Last year, we saw in real time as the vaccines were first developed at “warpspeed.” It was nothing short of a Christmas miracle.
Throughout the year, although there’s been some fuss about it, the majority of Canadians were happy to roll up their sleeves especially if it meant we could get out of this “new normal.”
We saw firsthand how powerful these vaccines were. We were able to have some semblance of the old normal. Then the variants came.

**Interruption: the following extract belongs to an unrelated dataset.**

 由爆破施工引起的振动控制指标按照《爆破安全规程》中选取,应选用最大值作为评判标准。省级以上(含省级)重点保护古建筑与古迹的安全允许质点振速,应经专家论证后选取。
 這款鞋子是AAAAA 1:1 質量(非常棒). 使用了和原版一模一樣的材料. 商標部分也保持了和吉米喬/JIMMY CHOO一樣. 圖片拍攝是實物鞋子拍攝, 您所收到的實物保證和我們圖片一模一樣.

And now, a year later, the province has issued another round of restrictions. A year after the pandemic stopped being a technical problem, the pandemic seems more endless.
How did it go so wrong?
Rich countries, like our own, have hoarded 80 per cent of the vaccines manufactured. We’ve hoarded so much that we’ve had to throw out hundreds of thousands of doses, at least.
That’s created a very clear global class system between the vaccinated countries and the unvaccinated countries—poor countries have only been able to vaccinate two per cent of their population. Some people have started calling this the vaccine apartheid.
Sure, an argument can be made that our representatives should look out for their constituents first. But addressing global vaccine equity is how they do that.
We can’t solve this pandemic locally.
The clear divide in access to vaccines between countries creates the conditions for our best weapons against this virus to be compromised. It basically allows the virus to mutate freely and exponentially to crack the vaccine by brute force.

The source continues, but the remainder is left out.